I'm writing a little program as a self-learning project in Python 3.x. My idea is for the program to allow two fields of text entry to the user, and then plug the user's input into the value of two specific registry keys.

Is there a simple way to make it check if the current user can access the registry? I'd rather it cleanly tell the user that he/she needs administrator privileges than for the program to go nuts and crash because it's trying to access a restricted area.

I'd like it to make this check as soon as the program launches, before the user is given any input options.

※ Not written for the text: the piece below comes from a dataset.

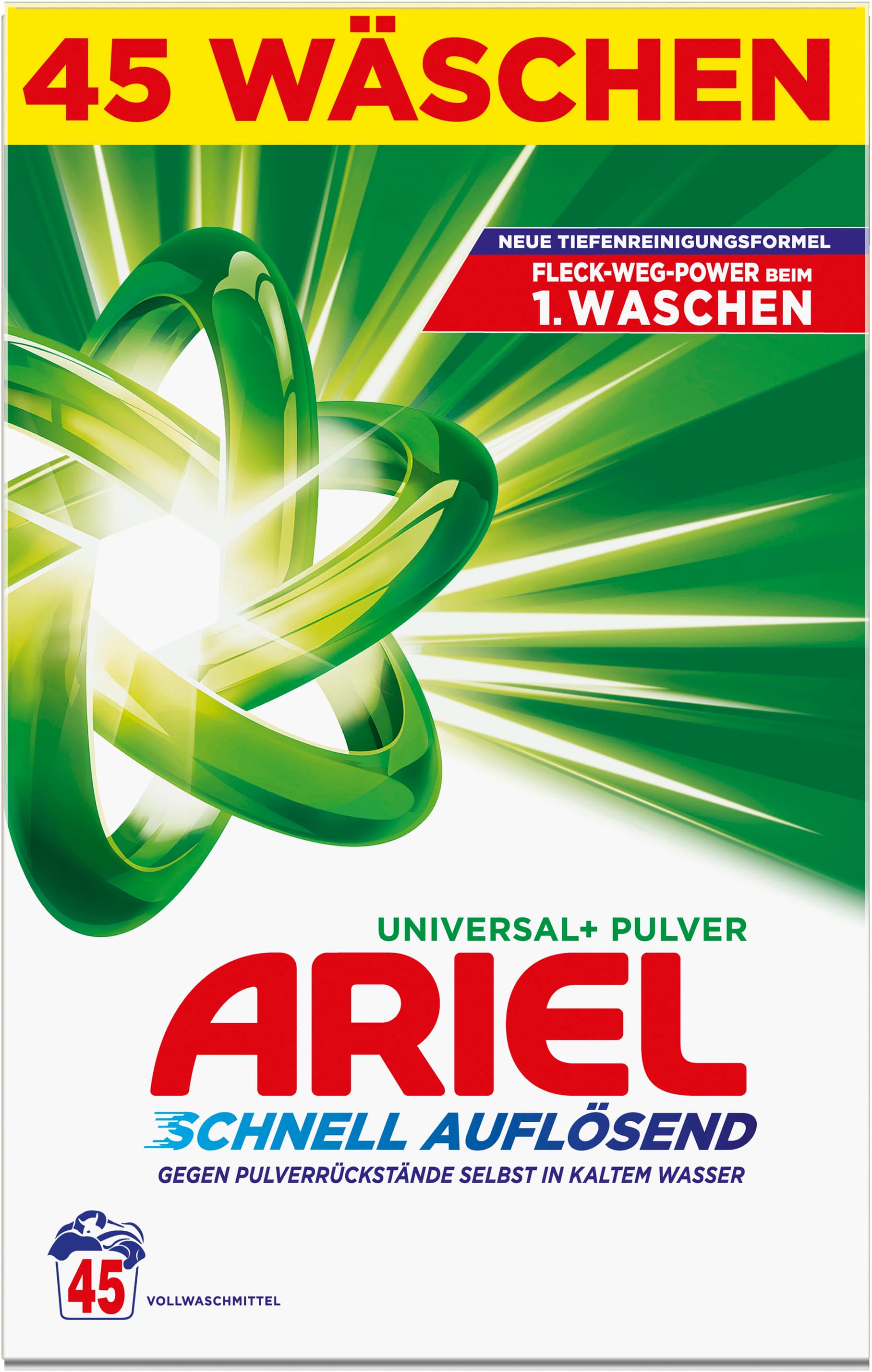 Entdecken Sie Ariel, die Nr. 1 der empfohlenen Marken von führenden Waschmaschinen-Herstellern in Deutschland wie: Bauknecht SIEMENS BOSCH AEG empfehlen Ariel Schnell Auflösendes Universal+ Pulverwaschmittel als Waschmittel. Kraftvolle Fleckenentfernung schon ab der 1. Waschladung. Darüber hinaus ist es so konzipiert, dass es sich dank seiner einzigartigen Anti-Rückstands-Technologie auch bei Kaltwasserzyklen optimal und schnell auflöst, ohne Rückstände zu hinterlassen. Es bietet außerdem kraftvolle Flecken- und Geruchsentfernung schon ab der 1. Waschladung. Durch Waschen bei niedrigen Temperaturen schützen Sie Ihre Wäsche im Vergleich zu Waschprogrammen bei höherer Temperatur. Das Ariel Pulverwaschmittel - für strahlende Reinheit und angenehmen Duft.

What code is needed for this?

Edit: in case it isn't obvious, this is for the Windows platforms.

+4  A: 

Here's a short article on how to determine if an application requires elevated privileges.

You can use pywin32 or ctypes to do the CreateProcess() call.

I suggest ctypes since it comes standard in python now, and there is a good example of using CreateProcess with ctypes here.

Eloff
+1  A: 

Most straightforward way is try to change the key at the beginning, maybe to a stub value - if that fails, catch the error and tell the user.

nosklo
Depending on the situation this may clobber the value of an existing key, in which case you might need to read it first, save that value, try to change it, and be sure to set it back if it succeeds. That's fine an all, until someone hits ctrl-c or the power goes out between the last two steps. It's an easy solution with difficult edge cases.
Eloff
+1  A: 

With pywin32, something like the following should work...:

import pythoncom
import pywintypes
import win32api
from win32com.shell import shell

if shell.IsUserAnAdmin():
   ...

And yes, it seems pywin32 does support Python 3.